In what is becoming a harbinger of things to come, a regulated utility has created self-styled electric grid to service its remote campus outside Dallas. While Oncor Electric is still sending electrons to its 7.5 million customers throughout Texas using high-voltage transmission lines, it decided to construct its own microgrid to bolster reliability.
Centralized networks were designed a century ago as the most efficient way to generate and deliver electricity to the masses. While they will remain paramount to the distribution of electricity, the reality is that it is politically difficult to expand them. Even more significantly, businesses that cannot afford even a momentary disruption in power must look to new technologies that include distributed generation and microgrids.
Improving power reliability and optimizing generation assets requires disruptive technologies that allow customers to work on and off the grid, says David Chiesa, director of microgrids at S&C Electric, which along with Schneider Electric, built the Oncor project. Oncors microgrid is showing the world how utilities can help their communities in the future.

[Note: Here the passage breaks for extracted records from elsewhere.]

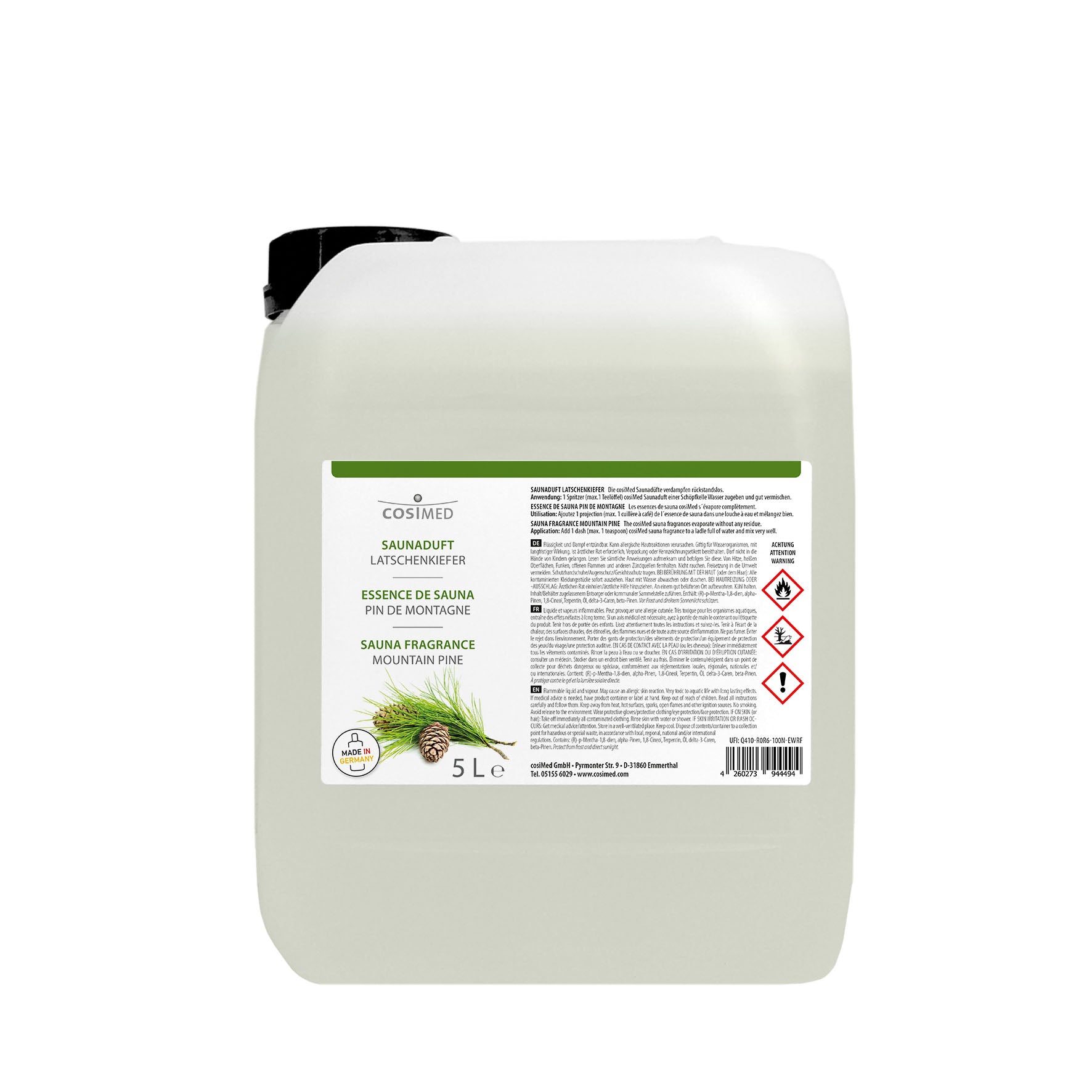 Der cosiMed Saunaduft Latschenkiefer bringt die frische Klarheit der Berge direkt in Ihre Sauna. Sein würzig-aromatischer Duft verleiht dem Saunagang eine natürliche, belebende Note – ideal für alle, die den Kopf frei bekommen und neue Kraft schöpfen möchten.
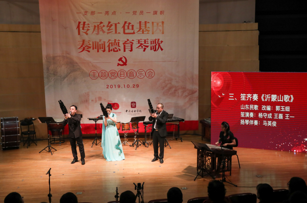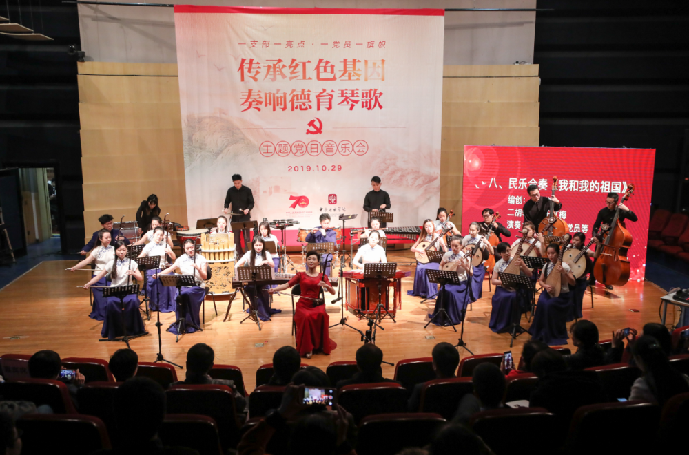 在开场的讲话中,民乐系党总支书记石海彬教授提到,民乐系党总支用音乐、艺术拓展主题党日形式,用音乐诠释对初心、使命的理解。民乐系教师支部书记杨雪副教授向观众介绍,讲演结合的形式是此次音乐会的一大亮点。通过讲解、分享,老师们将用具有家国情怀、爱国主义的经典民乐作品表达对初心的感悟。此次音乐会,是民乐系党总支以极高的凝聚力,通过师生党员同台合作的形式奏响德育琴歌,同时也向祖国母亲70周年华诞献礼。
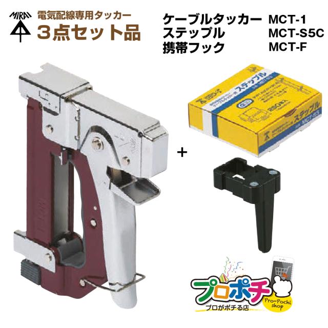 即配 電気配線専用タッカー3点セット! (ケーブルタッカー×1個 MCT-1 / ステップル×250個入 MCT-S5C / 携帯フック×1個 MCT-F) ケーブル 固定 工具 ステップル 携帯フック 未来工業 ミライ 電設資材
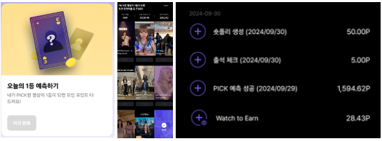 대신 월 ~ 토(요일) - 100포인트 / 일(요일) - 500포인트 인거 같더라구요!
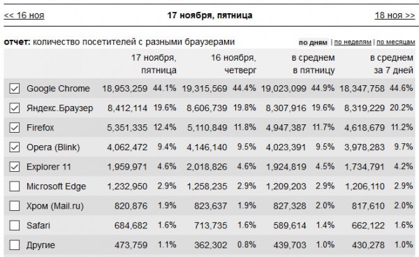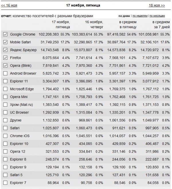 Ну, как видим, на десктопах у хрома 57%, практически вровень с тотальной статой.
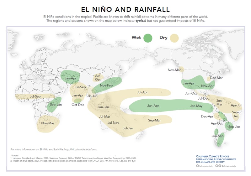 El Niño or La Niña conditions do not just affect local regions; their impacts are global. During El Niño, the southern United States might see increased rainfall, while Australia could become drier. Conversely, La Niña can lead to drier conditions in the south of the U.S. and wetter conditions in parts of the Caribbean and Australia. The graphics below show that regardless of El Niño or La Niña conditions, their influence can be far-reaching.
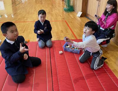あいにくの天気で運動場は使えず、体育館のみでの活動になりましたが、子どもたちは元気いっぱい、それぞれの遊びを楽しみました。
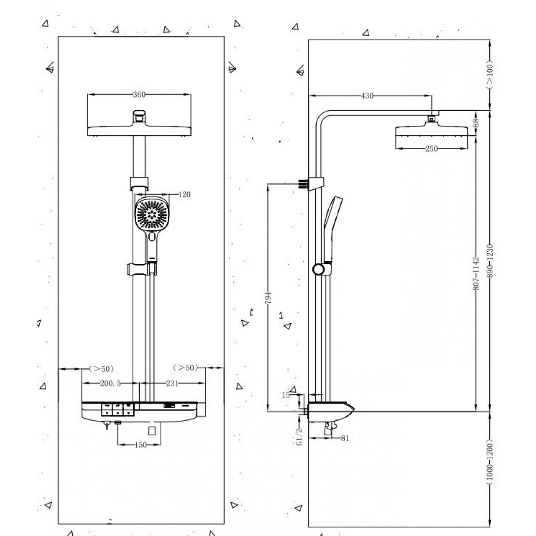 Bản vẽ kích thước cây sen tắm 36603724HBSI011 Jomoo
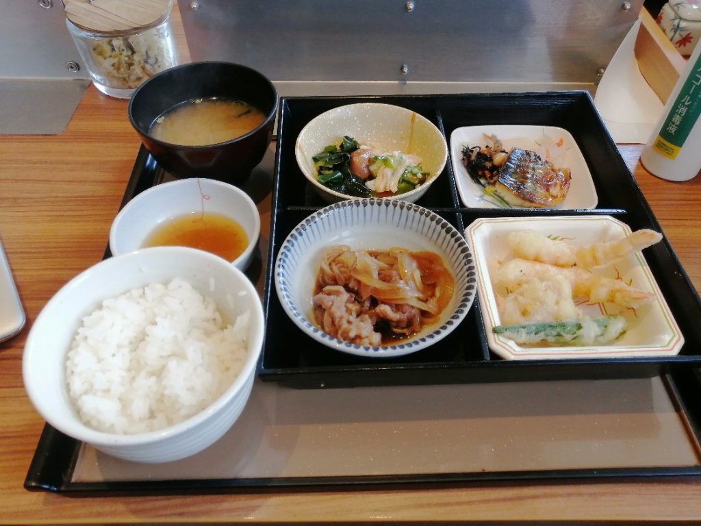 天ぷらもスーパーのお惣菜如くシナシナの衣で冷たいんだろうなと思ったらちゃんとアツアツでサクサク、さらにエビは弾力があってプリプリ。天ぷら用の出しにつければこれまたご飯がすすむ。ひじきとサバの塩焼きは塩の加減もよく、油も乗っている。
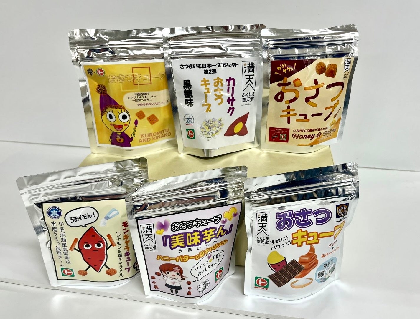 福島県内5校の生徒と地元サッカーチーム・いわきFCの選手のみなさんがそれぞれに、楢葉町の農産物のさつまいも「ふくしまゴールド」の消費拡大を目的に開発した、おさつキューブ。6種類の味のフレーバーが1箱で味わえます。
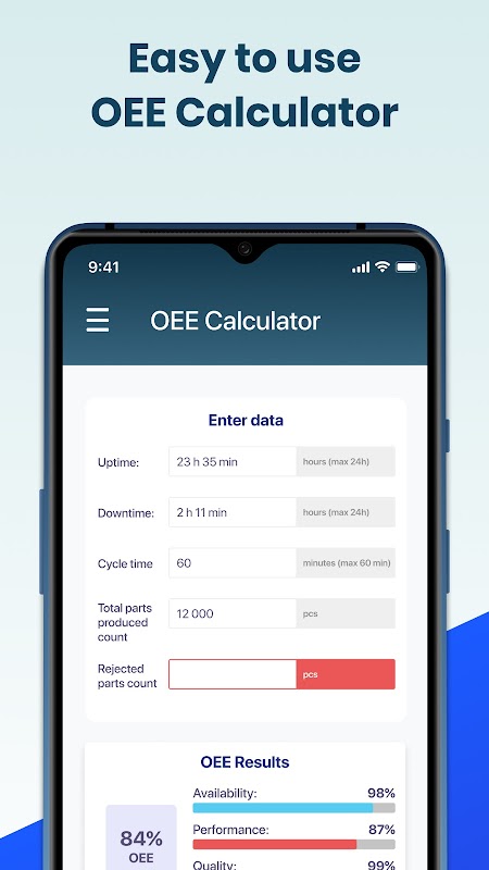 از نسخه 1.1 این برنامه ویژگی هایی را برای کاربرانی که حساب کاربری ندارند فراهم می کند. می توانید نظریه ای را بخوانید که پشت معیار OEE قرار دارد و OEE را با استفاده از یک ماشین حساب ساده و آسان محاسبه کنید.
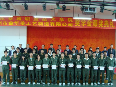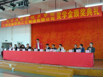 捐资助学同育人 校企合作齐发展 2010年12月8日下午4点20分,海事与港航学院在综合楼八楼隆重举行"广东交通职业技术学院广州市金华美工艺制造有限公司奖学金"颁奖典礼。广州市金华美工艺制造有限公司董事长汤静华先生、技术总监胡树荣先生、人事行政经理陈涛先生、生产部经理何显意先生,北校区管理办公室司徒汉主任、朱和平副主任,教务处叶华副处长、招生就业处邓海荣副处长、学生工作处李永斌副处长、北校区团委刘青书记,我院黄勇亮院长、党总支徐超书记、聂玉强副院长、黎法明主任、机电系宋春华副主任以及机电系教师、辅导老师和机电系在校生600多人出席了此次颁奖典礼。 典礼上,黄勇亮院长致欢迎词。他回顾了两年多来,我院和金华美公司在专业建设、人才培养模式改革、企业实习等方面合作成果,介绍了金华美奖学金的评比过程。徐超书记宣读了表彰决定,谢阳海等2位同学荣获"金华美奖学金"特别奖,廖健星等4位同学荣获"金华美奖学金"一等奖,蔡锐杰等8位同学荣获"金华美奖学金"二等奖,李水娟等12位同学荣获"金华美奖学金"三等奖。 物设081班的谢阳海同学作为获奖学生代表发言,他感谢广州市金华美工艺制造有限公司对求学道路上的学生们提供如此有力的帮助,感谢学校的培养,表示自己将加倍努力,不辜负公司、学校和家人的期望,同时号召同学们勇往直前,共同努力、共同进步。
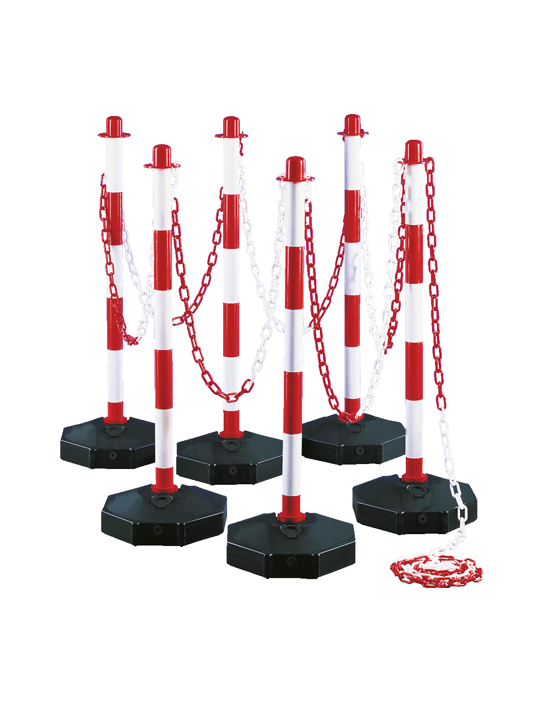 - Set van 6 inklapbare afzetpalen met kunststof ketting

As for Oncors microgrid that became operational this month, the goal is to maintain continual power and to maximize the use of renewable fuels. While it can operate totally independent of a large central generator, other industrial campuses can choose to stay connected to such utility-provided electricity all the time or until the lights flicker out. Thats when their distributed, or onsite generator, will kick on. The electrons are then sent by microgrids to keep those operations running.
The concept is catching on nationally, namely among those businesses that cannot afford even momentary losses of power: hospitals and chip makers, to name two, and even the U.S. Department of Defense.
Central to the concept of onsite generation that links with microgrids is energy storage, which can harness electricity and release it on to the localized microgrid when it is needed. Such storage is not just used to keep network operations flowing smoothly but it can also help spur green energy development. Oncor is using a small battery developed by Tesla Motors.
Microgrids are getting the attention of utilities, not as potential threats but as a possible complement to their business models. Its all part of their smart grid layout, which seeks to beef up cyber security, reduce emissions and cut costs.